ホワイトは? イエローは? 隈取は?

文字数 1,295文字

「黒塗りがダメなら白塗りもダメか」みたいなことを言う人が本当に多かったです。
ここまで考えてきた久恵里ちゃんなら、そのおかしさは指摘できるよね。
はい。肌に色を塗ることが問題なんじゃなくて、それで他人に勝手なイメージ……ステレオタイプを押し付けることが問題なんですよね。
ええ。だから、「肌に色を塗ること」だけをあげつらっても意味はないわけ。その行いが表すものは何なのか、を考えなきゃね。

実際、2014年には航空会社のCMが白人へのステレオタイプだと批判を受けて放送中止したことがあったわ。

そういうことがあったんですね。それも、他と待遇が違う……差別の問題としては捉えにくいところがありますね。
その一方で、日本の伝統芸能やお笑いなどで、顔を真っ白に塗ることがあるわけだけど。それが白人など実在する人種を表しているものなのか、と考えれば、違うわよね。
伝統芸能というと……歌舞伎の隈取って、ヒーローやヴィランの超人的な力を表しているものだ、というのを何かで読んだ覚えがあります。
あの隈取みたいな顔の人が実際にいるか? と考えたら、そうじゃないことは明らかだものね。その点で、ブラックフェイスとは全く異なるものと言える。

あとは、お正月の羽根つきとか、顔に墨や土を塗る行事が各地にあるわけだけど、それが実在の人種を表すものかは「?」よね。

でも、「何を表しているか」は見る側が勝手に決めてしまうところがありませんか?
だからこそ、自分がそれで何を表そうとしているのか、受け手がそれをどう受け止めるだろうか、ということに、常に注意を向け、説明ができるようにしていないといけないわけよ。
* * *
さて、日本人やアジア人に対するステレオタイプというものもあるわけだけど、見聞きしたことはある?
えっと……背が低くて、脚が短くて、目が細くて、歯が出ていて、眼鏡をかけていて、カメラを提げている……こうして挙げていくと滅入りますね……。
実際、日本人やアジア人をそういう風に表すことは、イエローフェイスと呼ばれてしばしば批判を受けているわ。

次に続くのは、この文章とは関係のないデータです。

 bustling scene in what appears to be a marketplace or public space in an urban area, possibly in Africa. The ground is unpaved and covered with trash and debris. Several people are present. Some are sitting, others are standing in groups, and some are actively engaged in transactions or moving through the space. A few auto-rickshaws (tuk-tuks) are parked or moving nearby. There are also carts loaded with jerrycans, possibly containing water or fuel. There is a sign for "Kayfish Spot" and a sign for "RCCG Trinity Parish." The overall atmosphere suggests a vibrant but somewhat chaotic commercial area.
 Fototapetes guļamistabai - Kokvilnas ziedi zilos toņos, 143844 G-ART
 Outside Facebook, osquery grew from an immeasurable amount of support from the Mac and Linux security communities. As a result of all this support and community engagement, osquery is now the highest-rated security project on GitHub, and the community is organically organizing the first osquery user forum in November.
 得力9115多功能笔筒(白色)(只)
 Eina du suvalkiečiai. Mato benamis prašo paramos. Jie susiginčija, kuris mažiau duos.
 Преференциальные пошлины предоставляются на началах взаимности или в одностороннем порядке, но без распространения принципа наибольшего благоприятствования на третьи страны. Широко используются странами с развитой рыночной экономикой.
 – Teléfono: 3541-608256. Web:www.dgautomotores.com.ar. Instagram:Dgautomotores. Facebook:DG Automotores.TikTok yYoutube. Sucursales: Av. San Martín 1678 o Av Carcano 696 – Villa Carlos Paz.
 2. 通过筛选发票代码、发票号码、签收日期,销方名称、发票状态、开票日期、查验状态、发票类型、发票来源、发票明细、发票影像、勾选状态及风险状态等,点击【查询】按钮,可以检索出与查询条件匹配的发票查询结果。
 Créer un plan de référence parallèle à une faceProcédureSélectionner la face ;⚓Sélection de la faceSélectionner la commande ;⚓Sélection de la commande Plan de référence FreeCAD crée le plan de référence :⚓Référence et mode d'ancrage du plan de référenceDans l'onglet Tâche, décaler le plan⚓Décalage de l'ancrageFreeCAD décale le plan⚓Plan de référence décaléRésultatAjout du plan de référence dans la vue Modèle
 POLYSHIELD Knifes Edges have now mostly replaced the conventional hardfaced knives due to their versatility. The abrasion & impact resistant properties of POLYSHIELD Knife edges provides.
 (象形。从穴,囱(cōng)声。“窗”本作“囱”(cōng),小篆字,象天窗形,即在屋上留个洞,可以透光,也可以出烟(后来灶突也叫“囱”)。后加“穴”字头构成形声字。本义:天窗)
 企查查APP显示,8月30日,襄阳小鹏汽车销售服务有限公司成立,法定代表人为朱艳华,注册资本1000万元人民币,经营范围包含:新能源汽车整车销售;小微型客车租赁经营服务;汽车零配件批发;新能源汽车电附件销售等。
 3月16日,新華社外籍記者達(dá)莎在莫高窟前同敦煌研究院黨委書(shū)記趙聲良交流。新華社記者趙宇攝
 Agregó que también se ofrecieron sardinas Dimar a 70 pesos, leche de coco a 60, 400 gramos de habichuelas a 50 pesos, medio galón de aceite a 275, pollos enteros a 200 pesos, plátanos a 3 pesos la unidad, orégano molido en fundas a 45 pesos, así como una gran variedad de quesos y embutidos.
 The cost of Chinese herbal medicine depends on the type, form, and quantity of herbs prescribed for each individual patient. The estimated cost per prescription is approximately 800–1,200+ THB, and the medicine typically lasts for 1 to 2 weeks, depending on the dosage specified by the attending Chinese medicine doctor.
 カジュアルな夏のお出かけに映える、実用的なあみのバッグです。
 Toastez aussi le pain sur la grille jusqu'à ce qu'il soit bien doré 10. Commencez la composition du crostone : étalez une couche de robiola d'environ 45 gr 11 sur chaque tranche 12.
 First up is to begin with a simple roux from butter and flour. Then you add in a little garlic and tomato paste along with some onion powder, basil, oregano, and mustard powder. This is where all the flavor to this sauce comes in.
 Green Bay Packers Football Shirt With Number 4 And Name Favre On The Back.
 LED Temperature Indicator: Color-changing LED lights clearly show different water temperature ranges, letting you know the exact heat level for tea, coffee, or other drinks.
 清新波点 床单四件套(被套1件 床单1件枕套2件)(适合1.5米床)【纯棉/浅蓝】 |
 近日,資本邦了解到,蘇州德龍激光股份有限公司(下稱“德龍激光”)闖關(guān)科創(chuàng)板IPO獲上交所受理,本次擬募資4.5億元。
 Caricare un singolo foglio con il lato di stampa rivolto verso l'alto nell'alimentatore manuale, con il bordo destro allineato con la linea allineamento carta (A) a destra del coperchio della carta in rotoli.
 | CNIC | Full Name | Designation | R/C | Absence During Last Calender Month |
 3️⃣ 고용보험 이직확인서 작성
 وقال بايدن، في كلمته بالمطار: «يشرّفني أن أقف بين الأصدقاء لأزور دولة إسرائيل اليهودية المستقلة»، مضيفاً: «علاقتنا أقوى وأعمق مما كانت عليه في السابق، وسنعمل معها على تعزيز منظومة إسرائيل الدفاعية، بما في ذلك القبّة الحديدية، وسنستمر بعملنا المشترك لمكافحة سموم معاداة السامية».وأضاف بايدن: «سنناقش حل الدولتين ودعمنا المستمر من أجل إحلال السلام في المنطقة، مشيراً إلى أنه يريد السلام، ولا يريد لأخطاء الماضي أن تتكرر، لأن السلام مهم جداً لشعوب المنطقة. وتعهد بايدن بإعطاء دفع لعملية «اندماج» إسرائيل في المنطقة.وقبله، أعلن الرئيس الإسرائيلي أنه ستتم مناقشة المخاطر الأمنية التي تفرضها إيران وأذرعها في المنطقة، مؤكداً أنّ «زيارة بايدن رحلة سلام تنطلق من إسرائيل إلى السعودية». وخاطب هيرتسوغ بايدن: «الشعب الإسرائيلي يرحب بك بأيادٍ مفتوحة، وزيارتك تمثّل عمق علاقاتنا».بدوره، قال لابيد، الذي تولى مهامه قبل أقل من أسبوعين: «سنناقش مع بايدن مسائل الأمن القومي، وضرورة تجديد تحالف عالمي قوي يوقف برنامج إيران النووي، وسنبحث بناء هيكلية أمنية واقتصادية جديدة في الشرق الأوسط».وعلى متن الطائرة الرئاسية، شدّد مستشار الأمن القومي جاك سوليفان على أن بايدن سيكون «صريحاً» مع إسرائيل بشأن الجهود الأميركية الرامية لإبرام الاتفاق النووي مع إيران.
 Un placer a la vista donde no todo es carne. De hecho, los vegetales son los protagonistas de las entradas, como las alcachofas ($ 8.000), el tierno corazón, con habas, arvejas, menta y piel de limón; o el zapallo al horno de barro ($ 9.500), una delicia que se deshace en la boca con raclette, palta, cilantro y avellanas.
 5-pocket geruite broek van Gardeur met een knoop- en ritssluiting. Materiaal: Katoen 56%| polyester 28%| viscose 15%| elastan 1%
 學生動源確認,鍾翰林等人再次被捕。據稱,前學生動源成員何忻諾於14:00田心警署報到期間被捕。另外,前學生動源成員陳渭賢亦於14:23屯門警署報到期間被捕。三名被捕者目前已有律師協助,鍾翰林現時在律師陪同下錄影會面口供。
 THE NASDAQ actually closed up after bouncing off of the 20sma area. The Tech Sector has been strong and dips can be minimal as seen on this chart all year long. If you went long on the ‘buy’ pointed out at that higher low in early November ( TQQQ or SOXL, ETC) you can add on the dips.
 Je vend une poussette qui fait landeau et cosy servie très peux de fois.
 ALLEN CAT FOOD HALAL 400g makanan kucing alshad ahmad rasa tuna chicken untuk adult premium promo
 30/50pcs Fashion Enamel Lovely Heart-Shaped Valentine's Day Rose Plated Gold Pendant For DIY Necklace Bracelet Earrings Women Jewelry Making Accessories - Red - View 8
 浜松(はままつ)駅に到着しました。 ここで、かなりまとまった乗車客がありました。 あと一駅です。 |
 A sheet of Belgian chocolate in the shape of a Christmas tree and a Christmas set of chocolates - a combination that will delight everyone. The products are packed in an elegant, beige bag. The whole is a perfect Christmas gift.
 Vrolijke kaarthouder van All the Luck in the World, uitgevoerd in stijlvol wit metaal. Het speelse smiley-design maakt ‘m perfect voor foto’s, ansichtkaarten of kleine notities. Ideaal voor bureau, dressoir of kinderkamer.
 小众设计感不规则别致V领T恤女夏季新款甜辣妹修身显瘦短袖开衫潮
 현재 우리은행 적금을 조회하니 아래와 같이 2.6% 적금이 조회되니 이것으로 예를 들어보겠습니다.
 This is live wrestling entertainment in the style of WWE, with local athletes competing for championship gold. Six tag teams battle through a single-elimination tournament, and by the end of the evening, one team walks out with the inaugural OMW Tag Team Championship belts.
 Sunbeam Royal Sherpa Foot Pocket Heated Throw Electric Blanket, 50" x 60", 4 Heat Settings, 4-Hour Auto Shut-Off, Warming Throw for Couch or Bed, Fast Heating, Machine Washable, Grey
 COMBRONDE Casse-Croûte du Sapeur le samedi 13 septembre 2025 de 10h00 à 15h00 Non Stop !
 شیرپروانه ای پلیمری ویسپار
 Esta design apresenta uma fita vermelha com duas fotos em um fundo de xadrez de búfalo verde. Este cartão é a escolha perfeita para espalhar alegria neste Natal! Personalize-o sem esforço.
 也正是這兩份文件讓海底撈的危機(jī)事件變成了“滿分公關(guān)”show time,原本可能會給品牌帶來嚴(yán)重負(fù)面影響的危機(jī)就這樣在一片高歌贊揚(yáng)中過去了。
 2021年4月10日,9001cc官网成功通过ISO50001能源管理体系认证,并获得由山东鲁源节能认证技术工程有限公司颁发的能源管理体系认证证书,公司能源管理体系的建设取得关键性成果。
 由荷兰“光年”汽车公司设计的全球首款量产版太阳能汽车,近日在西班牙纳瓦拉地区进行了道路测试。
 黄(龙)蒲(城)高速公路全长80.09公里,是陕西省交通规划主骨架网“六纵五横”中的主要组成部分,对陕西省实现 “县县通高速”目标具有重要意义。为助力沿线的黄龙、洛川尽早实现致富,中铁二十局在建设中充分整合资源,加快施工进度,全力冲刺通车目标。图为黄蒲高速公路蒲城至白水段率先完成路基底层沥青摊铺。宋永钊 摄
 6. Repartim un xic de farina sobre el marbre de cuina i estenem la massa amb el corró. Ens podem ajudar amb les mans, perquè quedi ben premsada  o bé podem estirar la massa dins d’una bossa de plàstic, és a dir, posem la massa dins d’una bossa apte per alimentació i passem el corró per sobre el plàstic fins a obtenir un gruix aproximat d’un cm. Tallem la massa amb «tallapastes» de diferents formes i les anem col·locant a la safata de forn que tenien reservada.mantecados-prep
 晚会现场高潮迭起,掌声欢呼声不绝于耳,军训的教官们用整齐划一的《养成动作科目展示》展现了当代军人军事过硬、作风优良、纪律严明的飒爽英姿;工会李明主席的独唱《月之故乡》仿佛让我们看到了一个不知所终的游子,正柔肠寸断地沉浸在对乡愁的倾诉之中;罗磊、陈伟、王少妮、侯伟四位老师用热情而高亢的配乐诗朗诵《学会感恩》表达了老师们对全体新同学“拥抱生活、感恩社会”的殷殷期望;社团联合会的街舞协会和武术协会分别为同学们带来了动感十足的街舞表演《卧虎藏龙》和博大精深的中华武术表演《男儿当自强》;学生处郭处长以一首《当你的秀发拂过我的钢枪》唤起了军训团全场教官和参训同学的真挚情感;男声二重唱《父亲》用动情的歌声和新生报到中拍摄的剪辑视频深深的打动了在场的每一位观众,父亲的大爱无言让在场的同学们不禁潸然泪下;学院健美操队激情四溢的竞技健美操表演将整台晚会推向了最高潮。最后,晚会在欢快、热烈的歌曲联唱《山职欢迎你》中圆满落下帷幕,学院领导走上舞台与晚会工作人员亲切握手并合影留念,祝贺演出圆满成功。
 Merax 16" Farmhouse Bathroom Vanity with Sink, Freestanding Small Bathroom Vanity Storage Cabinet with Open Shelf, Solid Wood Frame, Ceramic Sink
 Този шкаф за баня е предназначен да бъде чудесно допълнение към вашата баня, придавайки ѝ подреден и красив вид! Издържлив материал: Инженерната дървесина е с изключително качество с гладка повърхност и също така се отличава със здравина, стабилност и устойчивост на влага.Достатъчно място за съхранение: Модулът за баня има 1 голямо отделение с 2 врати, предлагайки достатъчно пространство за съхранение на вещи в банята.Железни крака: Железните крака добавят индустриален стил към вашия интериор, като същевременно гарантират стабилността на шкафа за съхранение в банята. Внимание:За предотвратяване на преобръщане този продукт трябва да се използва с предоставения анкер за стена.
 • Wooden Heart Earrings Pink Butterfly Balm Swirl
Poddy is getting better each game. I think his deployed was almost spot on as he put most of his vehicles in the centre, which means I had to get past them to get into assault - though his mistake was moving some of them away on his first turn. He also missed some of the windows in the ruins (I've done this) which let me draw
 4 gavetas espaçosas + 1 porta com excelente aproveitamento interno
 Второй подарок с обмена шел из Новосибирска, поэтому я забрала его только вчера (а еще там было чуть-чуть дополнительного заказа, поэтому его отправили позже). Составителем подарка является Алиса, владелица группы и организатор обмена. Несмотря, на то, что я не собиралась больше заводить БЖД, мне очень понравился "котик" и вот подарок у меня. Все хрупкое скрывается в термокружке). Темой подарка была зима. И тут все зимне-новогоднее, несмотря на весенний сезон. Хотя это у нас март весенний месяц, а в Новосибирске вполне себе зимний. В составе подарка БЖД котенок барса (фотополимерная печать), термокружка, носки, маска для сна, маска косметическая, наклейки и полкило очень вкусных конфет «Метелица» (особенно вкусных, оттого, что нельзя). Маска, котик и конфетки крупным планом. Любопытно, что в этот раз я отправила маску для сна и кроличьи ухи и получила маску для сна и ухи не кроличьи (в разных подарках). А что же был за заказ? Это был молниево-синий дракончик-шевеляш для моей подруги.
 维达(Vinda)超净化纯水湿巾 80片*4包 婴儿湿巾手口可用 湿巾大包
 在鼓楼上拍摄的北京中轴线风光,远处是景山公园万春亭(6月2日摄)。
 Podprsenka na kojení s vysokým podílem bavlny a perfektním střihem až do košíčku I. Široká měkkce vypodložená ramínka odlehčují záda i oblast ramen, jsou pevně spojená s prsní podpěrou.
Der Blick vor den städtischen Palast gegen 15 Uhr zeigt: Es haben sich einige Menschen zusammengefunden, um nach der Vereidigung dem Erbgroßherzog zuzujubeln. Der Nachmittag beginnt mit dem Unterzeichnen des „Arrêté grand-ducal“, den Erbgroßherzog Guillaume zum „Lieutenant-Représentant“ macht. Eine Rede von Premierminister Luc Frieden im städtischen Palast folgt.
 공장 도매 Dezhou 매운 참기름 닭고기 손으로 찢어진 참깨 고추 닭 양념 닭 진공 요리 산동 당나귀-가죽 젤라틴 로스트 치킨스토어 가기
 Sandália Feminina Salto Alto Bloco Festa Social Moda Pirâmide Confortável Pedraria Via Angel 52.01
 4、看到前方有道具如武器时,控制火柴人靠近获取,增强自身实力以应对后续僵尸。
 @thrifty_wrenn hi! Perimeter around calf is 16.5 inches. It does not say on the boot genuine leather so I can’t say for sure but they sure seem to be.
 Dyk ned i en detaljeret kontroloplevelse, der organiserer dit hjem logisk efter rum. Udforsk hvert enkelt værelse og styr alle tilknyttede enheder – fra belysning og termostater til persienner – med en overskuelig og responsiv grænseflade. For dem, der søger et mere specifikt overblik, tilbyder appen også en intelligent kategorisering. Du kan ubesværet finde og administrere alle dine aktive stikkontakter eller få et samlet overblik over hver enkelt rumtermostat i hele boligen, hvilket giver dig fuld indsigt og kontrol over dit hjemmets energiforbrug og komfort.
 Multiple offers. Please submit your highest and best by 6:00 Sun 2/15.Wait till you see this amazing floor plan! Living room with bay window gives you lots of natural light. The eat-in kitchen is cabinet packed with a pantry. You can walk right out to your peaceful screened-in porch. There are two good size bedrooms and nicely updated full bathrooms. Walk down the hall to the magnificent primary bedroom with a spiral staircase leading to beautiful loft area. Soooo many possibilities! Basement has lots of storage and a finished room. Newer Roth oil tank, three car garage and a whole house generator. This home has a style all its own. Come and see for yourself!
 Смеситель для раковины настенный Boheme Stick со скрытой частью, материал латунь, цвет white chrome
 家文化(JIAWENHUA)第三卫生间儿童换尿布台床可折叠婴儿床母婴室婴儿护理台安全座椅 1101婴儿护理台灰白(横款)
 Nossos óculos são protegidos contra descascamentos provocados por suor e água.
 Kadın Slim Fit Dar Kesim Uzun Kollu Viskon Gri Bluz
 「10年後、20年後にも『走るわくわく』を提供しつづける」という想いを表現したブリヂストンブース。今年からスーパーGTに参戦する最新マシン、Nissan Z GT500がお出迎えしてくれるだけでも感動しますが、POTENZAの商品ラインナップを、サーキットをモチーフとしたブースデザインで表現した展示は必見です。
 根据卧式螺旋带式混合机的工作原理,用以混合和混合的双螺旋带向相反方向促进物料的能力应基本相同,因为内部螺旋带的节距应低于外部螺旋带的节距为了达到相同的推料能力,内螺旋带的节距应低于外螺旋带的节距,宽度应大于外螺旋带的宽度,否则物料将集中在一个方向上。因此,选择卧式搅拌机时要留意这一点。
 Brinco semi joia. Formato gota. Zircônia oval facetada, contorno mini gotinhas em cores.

写真共有サービスのフィルタがそうした批判を受けて取り下げられた例がある。

えっと、これは……「おたふく」ですか?
なるほど、「おたふく」もステレオタイプの一種かもしれない。それに、誰かの顔を「おたふく」にたとえるのは褒めることではないしね。
これはイエローフェイスだそうですが、他にもステレオタイプってあるんでしょうか。
そうね、ケン・パジェットという人が人種のステレオタイプについてまとめたサイトがあるんだけど……その中では、Blackface(アフリカ系人に対するステレオタイプ)、Yellowface(アジア人―)、Brownface(ヒスパニック―)、Redface(アメリカ先住民―)、Arabface(アラブ人―)、Jewface(ユダヤ人―)が挙げられているわ。
あれ、ホワイトフェイスはないんですね。
サイト作者の考えとしては、あくまでメディアの支配権を握っているのは白人だから、ステレオタイプの被害者とはみなさない、ということみたいよ。これが正しいかどうかは留保しておくけど。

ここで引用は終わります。